Leaving every picture out, please return exactly the lines from the top of the material below through the line with "အောင်စည်(ပြန်/ဆက်)", both included.

+===+

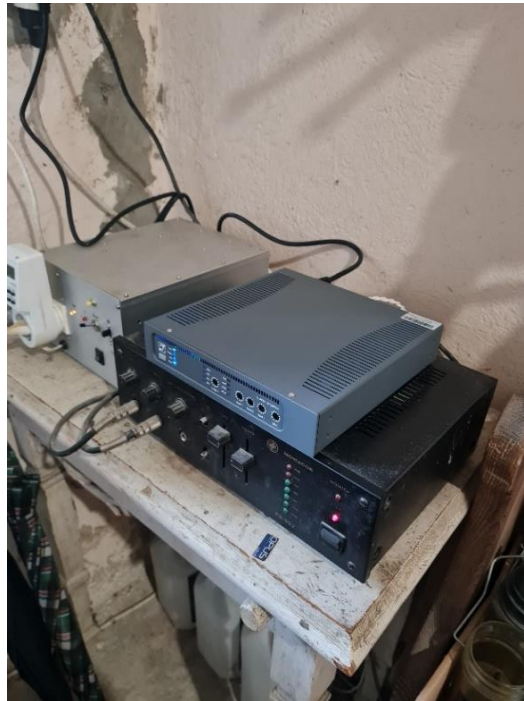
Slika 1 in 2: Ureditev induktivne zanke v cerkvi sv. Kunigunde na Gorenju
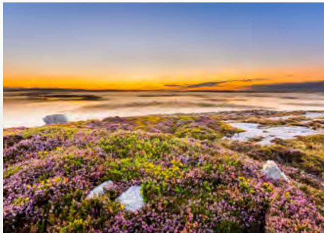
Cnoc Leitir Móir

Pobal inbhuanaithe Gaeltachta a chothú ina mbeidh an Ghaeilge mar príomhtheanga, le heacnamaíocht láidir ag baint úsáid inbhuanaithe as na hacmhainní go léir a bheidh ar fáil agus le caighdeán maireachtáil den chéad scoth.
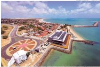
Complexo Turístico da Redinha será reaberto na alta estação, até fevereiro
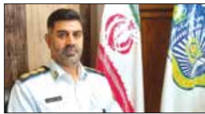
ایم‌نی در حفظ سلامتی راکبان و سرنشینان موتورسیکلت‌ها غیر قابل انکار است.

رئیس پلیس راهور استان البرز از فوت دو جوان به دلیل واژگونی موتورسیکلت در محدوده شاهین ویلا کرج خبر داد. سرهنگ حمدالله رحمتی پور در گفت‌وگو با خبرنگار مهر اظهار کرد: به دنبال دریافت گزارشی از طریق مرکز فوریت‌های پلیسی ۱۱۰ مبنی بر وقوع حادثه واژگونی موتورسیکلت در محدوده میدان باهنر شاهین ویلا کرج، بلافاصله عوامل
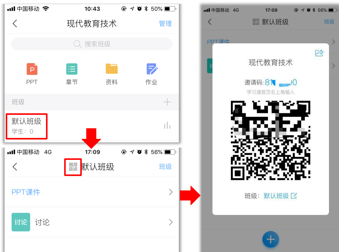
图2-2 手机端查看班级二维码和邀请码
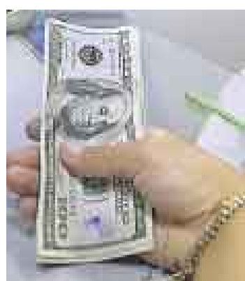
COMPRAS. El BCR estuvo activo en el mercado cambiario.

En la semana se acentuaron las presiones a la baja sobre el dólar, a tal punto que llegó a negociarse por debajo de S/.2,80 en el mercado interbancario. Las compras de dólares del Banco Central de Reserva (BCR) hicieron que la cotización del billete verde cerrara levemente por encima de S/.2,80.
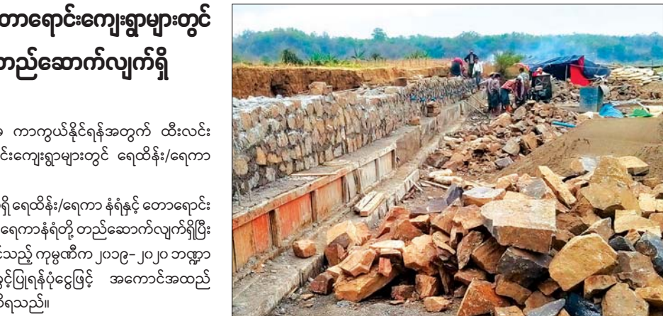
အောင်စည်(ပြန်/ဆက်)

ထီးလင်း မေ ၁၄ ကျေးရွာများ ကမ်းပြိုရေတိုက်စားခြင်းမှ ကာကွယ်နိုင်ရန်အတွက် ထီးလင်း မြို့နယ် သရက်ကျေးရွာနှင့် တောရောင်းကျေးရွာများတွင် ရေထိန်း/ရေကာ နံရံများ တည်ဆောက်လျက်ရှိသည်။ သရက်ကျေးရွာတွင် အရှည် ၁၅၆ ပေရှိ ရေထိန်း/ရေကာ နံရံနှင့် တောရောင်း ကျေးရွာတွင် အရှည်ပေ ၂၄၀ ရှိ ရေထိန်း/ ရေကာနံရံတို့ တည်ဆောက်လျက်ရှိပြီး အဆိုပါလုပ်ငန်းများကို တင်ဒါအောင်မြင်သည့် ကုမ္ပဏီက ၂၀၁၉-၂၀၂၀ ဘဏ္ဍာ နှစ် မကွေးတိုင်းဒေသကြီး အစိုးရအဖွဲ့ခွင့်ပြုရန်ပုံငွေဖြင့် အကောင်အထည် ဖော် တည်ဆောက်ခြင်းဖြစ်ကြောင်း သိရသည်။
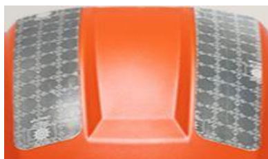
2 pav. Dvi juostos viršutinėje šalmo dalyje.
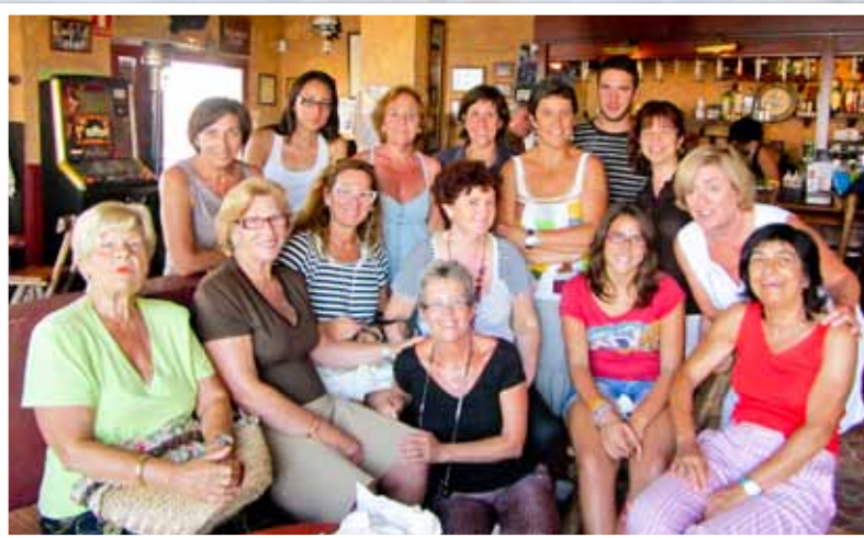
En la Taberna, viendo el programa de Pasapalabra las FANS DE CARMEN PASAPALABRA.
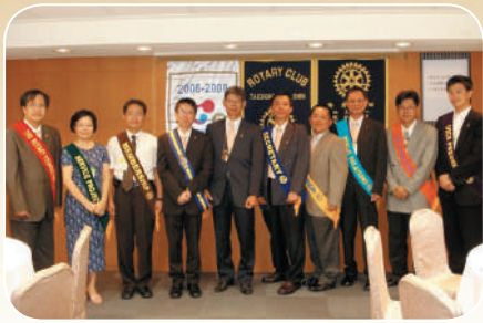
社長暨職員交接例會
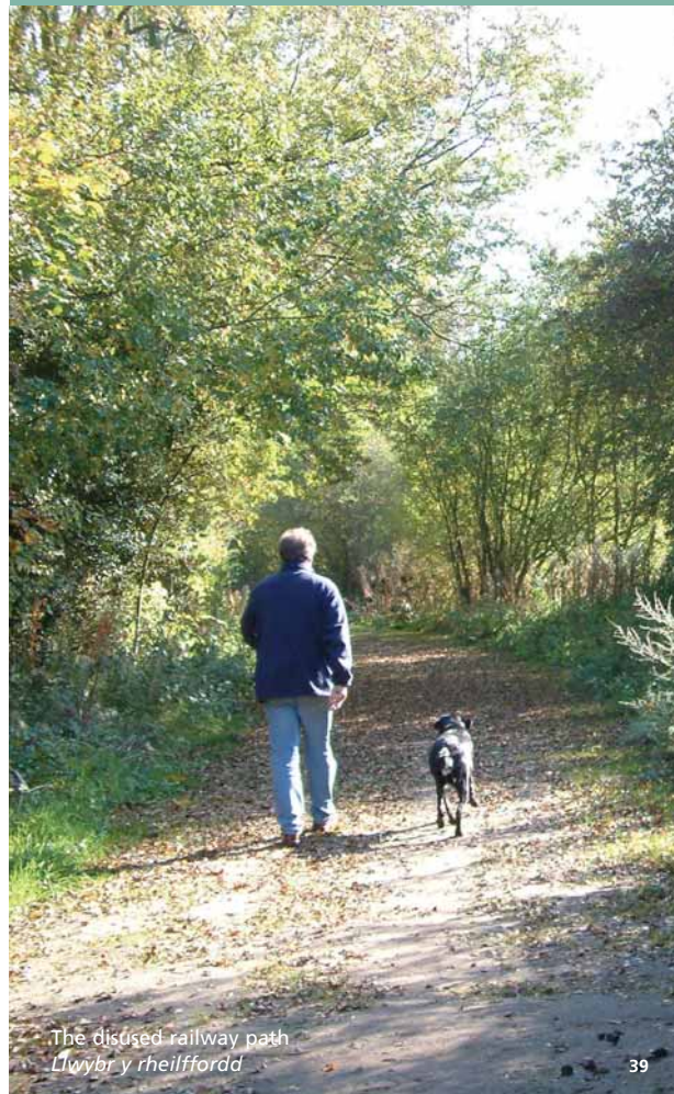
The disused railway path Llwybr y rheilffordd
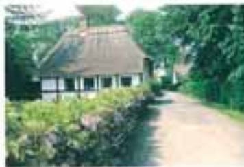
Op ad Kirkevej hænger blågrønne græssede blomsterblaver ud over tagkøllet.

Indtil omkring 1850 blev de fleste huse bygget af Pø' Bager. Hans huse var små øst-vestorienterede bygninger med lave halvvalnede tage. De havde ofte fjernt søkket, pudset og hvidkalket murværk og grønmalte vinduer med to spjæsnede rammer. Malt på en af husets langsider sad en trefløjet indgangsdør med ruder ovenpå, hvori var indfældet den for Strynø karakteristiske Livstræspænn: Sokkelstuen var gæmbrag fra stengårdene mellem gårdefterne.
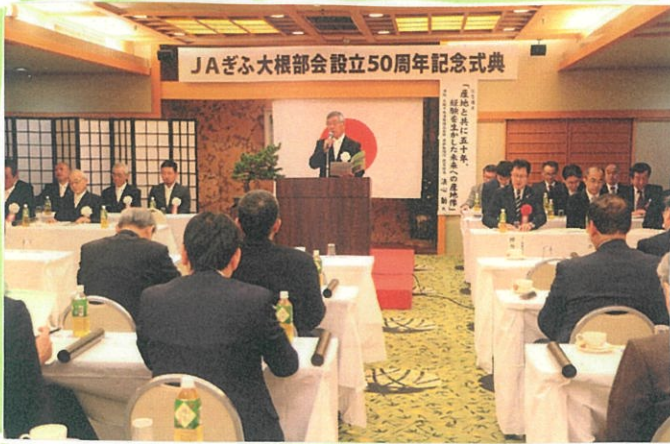
JAぎふ大根部会設立50周年記念式典

今までの歴史の振り返りと、これからの抱負を確認し合いました。 山あり谷ありの50年間たっただろうことを思うと、感慨深いものがあるなあと感じました!

+===+

Response for this exercise »
Slika 1 in 2: Ureditev induktivne zanke v cerkvi sv. Kunigunde na Gorenju
Cnoc Leitir Móir

Pobal inbhuanaithe Gaeltachta a chothú ina mbeidh an Ghaeilge mar príomhtheanga, le heacnamaíocht láidir ag baint úsáid inbhuanaithe as na hacmhainní go léir a bheidh ar fáil agus le caighdeán maireachtáil den chéad scoth.
Complexo Turístico da Redinha será reaberto na alta estação, até fevereiro
ایم‌نی در حفظ سلامتی راکبان و سرنشینان موتورسیکلت‌ها غیر قابل انکار است.

رئیس پلیس راهور استان البرز از فوت دو جوان به دلیل واژگونی موتورسیکلت در محدوده شاهین ویلا کرج خبر داد. سرهنگ حمدالله رحمتی پور در گفت‌وگو با خبرنگار مهر اظهار کرد: به دنبال دریافت گزارشی از طریق مرکز فوریت‌های پلیسی ۱۱۰ مبنی بر وقوع حادثه واژگونی موتورسیکلت در محدوده میدان باهنر شاهین ویلا کرج، بلافاصله عوامل
图2-2 手机端查看班级二维码和邀请码
COMPRAS. El BCR estuvo activo en el mercado cambiario.

En la semana se acentuaron las presiones a la baja sobre el dólar, a tal punto que llegó a negociarse por debajo de S/.2,80 en el mercado interbancario. Las compras de dólares del Banco Central de Reserva (BCR) hicieron que la cotización del billete verde cerrara levemente por encima de S/.2,80.
အောင်စည်(ပြန်/ဆက်)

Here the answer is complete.